Я смотрю на него. Страх еще не отпустил. Меня мелко колотит. Я сглатываю, пытаясь унять дрожь. Хочется съязвить, что, мол, сама бы справилась, или накричать, какого черта он шпионил, но слова застревают в горле. Никита ведь… спас меня. Опять.
— Спасибо, — шепчу я, опуская глаза. Слово дается с трудом, царапает горло.
Он смотрит на меня секунду, потом тяжело вздыхает.
— Пожалуйста.
Мы стоим так, наверное, целую вечность.
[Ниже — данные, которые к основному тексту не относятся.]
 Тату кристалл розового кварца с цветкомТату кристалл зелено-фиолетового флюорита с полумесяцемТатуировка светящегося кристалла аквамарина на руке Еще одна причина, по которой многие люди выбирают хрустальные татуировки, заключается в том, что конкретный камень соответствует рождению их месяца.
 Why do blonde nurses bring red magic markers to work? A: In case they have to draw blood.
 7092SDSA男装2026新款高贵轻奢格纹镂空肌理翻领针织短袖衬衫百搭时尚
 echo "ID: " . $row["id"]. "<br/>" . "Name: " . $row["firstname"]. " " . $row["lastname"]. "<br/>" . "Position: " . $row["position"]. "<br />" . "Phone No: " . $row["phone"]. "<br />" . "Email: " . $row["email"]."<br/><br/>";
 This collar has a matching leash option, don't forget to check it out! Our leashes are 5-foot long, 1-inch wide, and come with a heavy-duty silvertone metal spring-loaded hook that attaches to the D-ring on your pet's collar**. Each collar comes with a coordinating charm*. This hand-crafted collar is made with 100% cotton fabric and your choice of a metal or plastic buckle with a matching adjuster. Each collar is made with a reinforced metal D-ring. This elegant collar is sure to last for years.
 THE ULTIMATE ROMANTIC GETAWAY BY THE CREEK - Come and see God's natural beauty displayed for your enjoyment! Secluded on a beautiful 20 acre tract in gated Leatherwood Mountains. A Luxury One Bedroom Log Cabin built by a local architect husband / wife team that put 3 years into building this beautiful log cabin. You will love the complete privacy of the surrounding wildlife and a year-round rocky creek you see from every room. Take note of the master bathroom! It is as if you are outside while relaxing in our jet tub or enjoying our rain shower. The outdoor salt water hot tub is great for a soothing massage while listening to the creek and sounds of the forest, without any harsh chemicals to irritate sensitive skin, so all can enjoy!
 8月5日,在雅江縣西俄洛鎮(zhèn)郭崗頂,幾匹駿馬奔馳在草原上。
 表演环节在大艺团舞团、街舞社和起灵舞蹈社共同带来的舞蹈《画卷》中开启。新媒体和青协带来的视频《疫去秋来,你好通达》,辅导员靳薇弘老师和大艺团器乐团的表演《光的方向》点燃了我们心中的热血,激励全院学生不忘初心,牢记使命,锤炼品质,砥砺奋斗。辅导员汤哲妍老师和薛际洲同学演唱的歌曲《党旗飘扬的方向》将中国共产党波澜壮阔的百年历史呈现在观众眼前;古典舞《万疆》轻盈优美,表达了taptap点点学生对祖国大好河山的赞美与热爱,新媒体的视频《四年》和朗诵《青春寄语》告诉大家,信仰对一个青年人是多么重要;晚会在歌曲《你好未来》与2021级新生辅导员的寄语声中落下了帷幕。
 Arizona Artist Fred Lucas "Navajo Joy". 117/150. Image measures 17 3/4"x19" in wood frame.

Он смотрит на меня, я — на свои варежки. Воздух между нами потрескивает от невысказанных слов.
— Так и будем тут стоять? — наконец прерывает молчание Никита.
— Я… я не знаю, куда идти, — честно признаюсь я, чувствуя себя полной идиоткой.
— Естественно. Зато одна. Смелая. — Сота фыркает. — Пошли уже, искательница приключений.
Сотников разворачивается и, не дожидаясь меня, широким шагом направляется в ту сторону, куда убежали те трое.
Вот же…
Я едва поспеваю за ним, проваливаясь в снег по щиколотку там, где он, кажется, проходит, не замечая.
Мы молча идем по темной улице. Я шмыгаю носом, пытаясь унять остатки дрожи — то ли от холода, то ли от пережитого.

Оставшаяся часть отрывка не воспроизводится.